Papà serra le labbra. Deglutisce a fatica.

«Dopo tutto quello che ho fatto per te» mormora, con tono soffocato. «Questo è il modo con cui mi ripaghi».

Le sue parole mi colpiscono.

Noi non siamo mai stati legati. Io e mio padre non abbiamo mai avuto un vero rapporto. Ciò che mi resta dei miei ricordi sa ancora dei suoi silenzi infiniti, di tutte le volte che spariva per ore intere in garage per creare modellini. Lo vedevo solo a cena e non scambiavamo nemmeno una parola. Poi, un giorno mia madre muore, io vado in coma e al mio risveglio lui diventa l'uomo più amorevole del mondo. Mi aiuta a superare le crisi, la confusione, l'emicrania cronica.

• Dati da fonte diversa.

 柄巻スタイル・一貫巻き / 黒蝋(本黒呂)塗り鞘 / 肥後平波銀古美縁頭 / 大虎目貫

Diventa padre, ma quando io smetto di essere accondiscendete viene fuori la sua vera natura.

«Io non ti ho mai chiesto niente» la mia voce è incolore. Un muscolo sul suo viso si tende, ha uno spasmo, tuttavia, papà non risponde.

'Ma anche se lo avessi fatto, anche se ti avessi chiesto aiuto, tu sei mio padre e dovresti amarmi senza volere in cambio niente'. Non glielo dico. Non posso dirglielo perché lui mi volta le spalle e se ne va, abbandonandomi a un silenzio insopportabile.